Боевые дружины надо снабжать оружием и боеприпасами. Полицейские участки и оружейные магазины разгромлены, оружие перешло в руки рабочих. Остался ещё один источник: разоружение поездов, везущих солдат от сопок Маньчжурии по домам.
Московский Совет рабочих депутатов поручил разоружение поездов социалисту-революционеру Ухтомскому Алексею Владимировичу. Ему тридцать лет, ростом он ниже среднего, с живыми умными глазами, с бородкой и усами по тогдашней моде, производил впечатление человека скромного и, даже застенчивого. Простым крестьянским пареньком он приехал в Москву и устроился работать помощником машиниста. Быстро и легко освоил сложную технику, прекрасно стал разбираться в устройствах паровозов различных конструкций. Вскоре стал машинистом. Работал он в депо Пензы, Рузаевки, Казани. Из Казани перебрался опять в Москву, на Московско-Казанскую железную дорогу.

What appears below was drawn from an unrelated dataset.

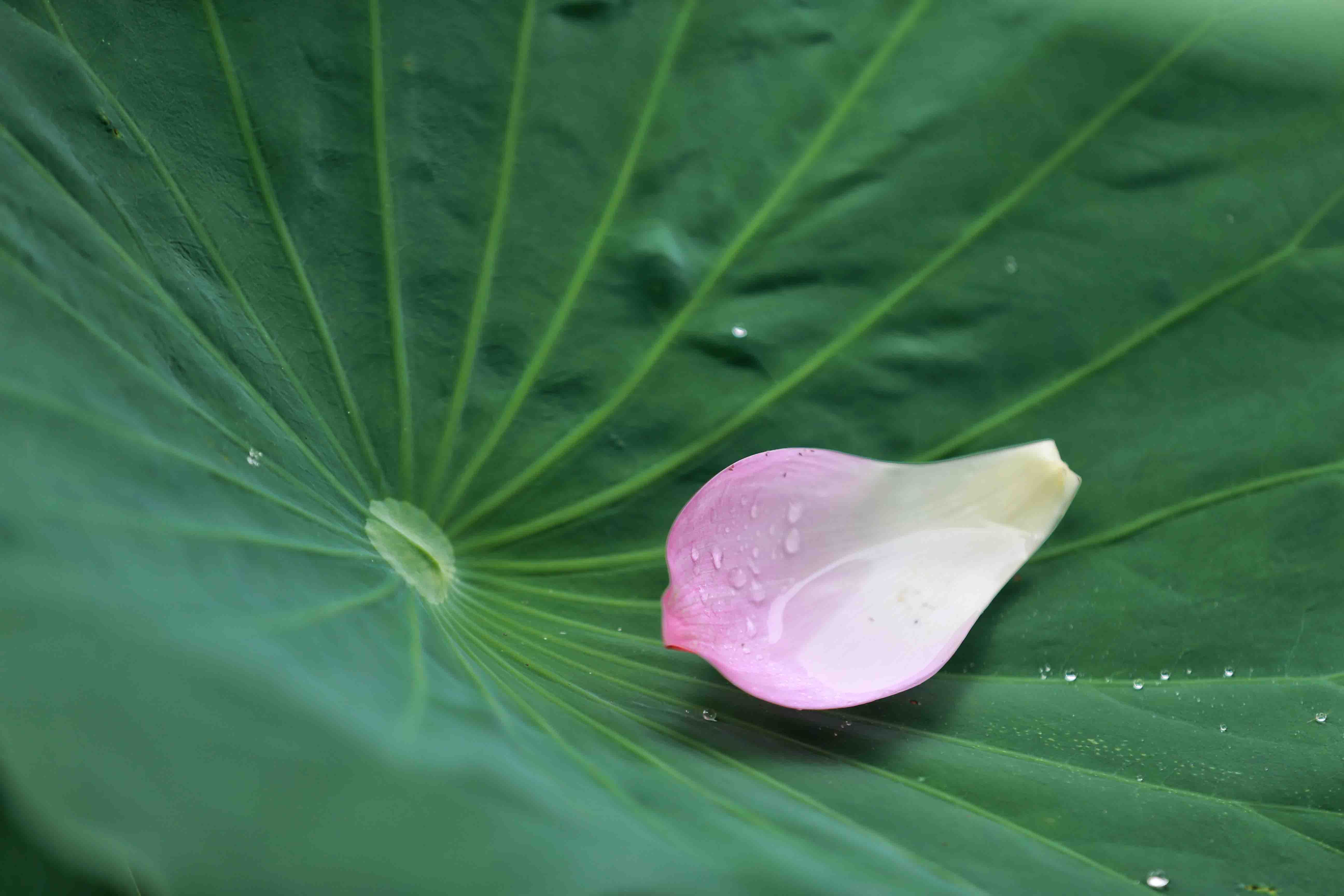 一片花瓣墜落在荷葉上 李金雷 攝

В Рузаевке примкнул к партии социалистов-революционеров. Идеи эсеров Ухтомскому нравились: свобода слова, печати, собраний, союзов, совести, всеобщее избирательное право, бесплатное образование, восьмичасовой рабочий день, решение крестьянского вопроса с землёй. К 1905 году Ухтомский стал заметной фигурой в партии эсеров.

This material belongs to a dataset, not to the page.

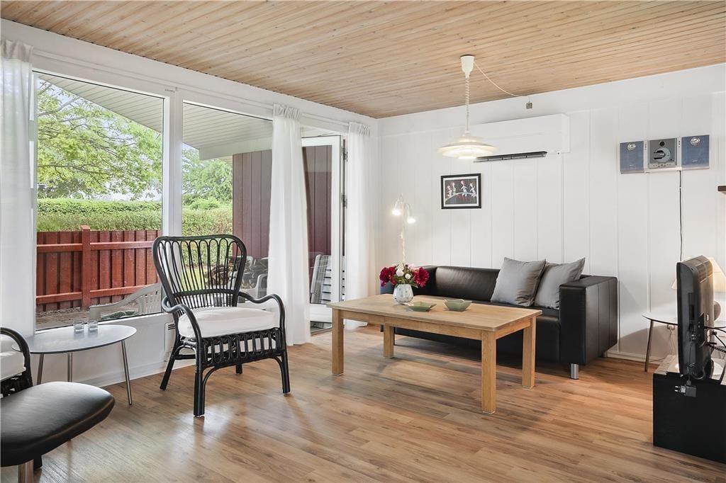Es gibt viele Möglichkeiten, das dänische Sommerwetter zu genießen. Tritt auf die Terrasse und genieße dein Abendessen auf der überdachten Terrasse, auch wenn der Abendtau sich auf die Gräser senkt, oder genieße eine Pause in der Sonne auf der Sonnenterrasse. Sowohl die offene als auch die überdachte Terrasse bieten Platz für alle Familienmitglieder und Freunde, und das große Grundstück lädt zu Spiel und Geselligkeit im Freien ein. Während die Kinder im Garten spielen, können sich die Eltern bei ihrem Morgenkaffee entspannen und den Blick auf das Meer genießen. In Saksild gelegen, ist dieses Ferienhaus der ideale Ausgangspunkt für Spaß und Entspannung im Freien.
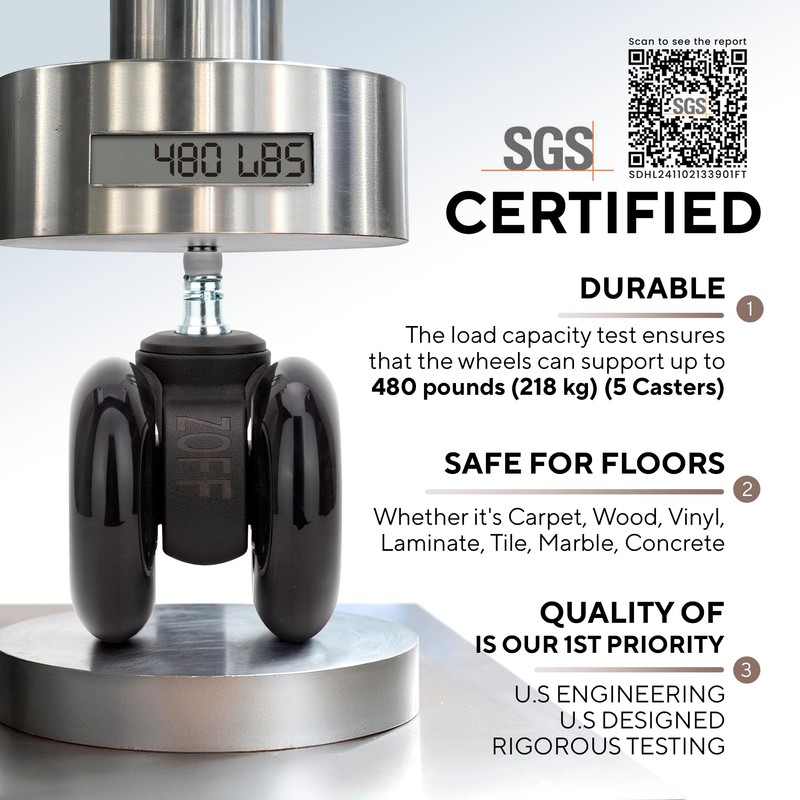 ZOFF Double Rollerblade Office Chair Wheels - 3 inch - Replacement Rubber Chair Casters - Smooth & Quiet Rolling - Easy Installation - Safe for Hardwood Floors & Carpet - Universal Fit - Set of 5

На станции Люберцы эшелон из Манчжурии загнали на запасные пути и к нему подошла группа из десяти человек по виду железнодорожные рабочие, один из них в кителе машиниста. Подойдя к составу, они потребовали начальника поезда и старшего офицера.
– Я Ухтомский Алексей Владимирович, – представился человек в кителе машиниста, – командир боевой дружины железнодорожников Казанской железной дороги.
– Что вам угодно? – холодно спросил старший офицер эшелона.
– Прошу сдать оружие и боеприпасы, имеющиеся у вас для нужд восставшего пролетариата города Москвы.
– А если мы не подчинимся? – поинтересовался офицер.
– Тогда будете стоять здесь до морковкиного заговенья.
– А если подчинимся?
– Через полтора часа будете на Рязанском вокзале.
– Заманчиво. Что ж, ждите.
Старший офицер и начальник состава удалились, Ухтомский с дружинниками остался ждать на улице.
Из одного из вагонов спрыгнули несколько человек в матросской форме.
– Здорово, братишки, – весело сказал один из них.
– Здорово, коль не шутишь, – холодно пошутил Ухтомский.
– Успокойся, братишка, – хлопнул по плечу Ухтомского моряк. – Я Самойлов Евгений, мы – анархисты. Хотелось бы по душам поговорить с царскими войсками вместе с вами. Не против?
– В общем – нет. Оружие?
Самойлов показал маузер в деревянной кобуре.
– Что же, мы не против, присоединяйтесь к дружине. Сколько вас?
– Двадцать семь. Цивильная одежда на нас найдётся? А то в этой как-то несподручно.
Дружинники переглянулись.
– Да найдём, – сказал один из них.
В эшелоне сдали оружие, дружинники прошли по вагонам для очистки совести. Вскоре состав направился к Казанскому вокзалу.
– Видишь, как получается, – объяснял Ухтомский матросу Самойлову, – пропускали эшелоны с войсками, а их на нас же и бросали.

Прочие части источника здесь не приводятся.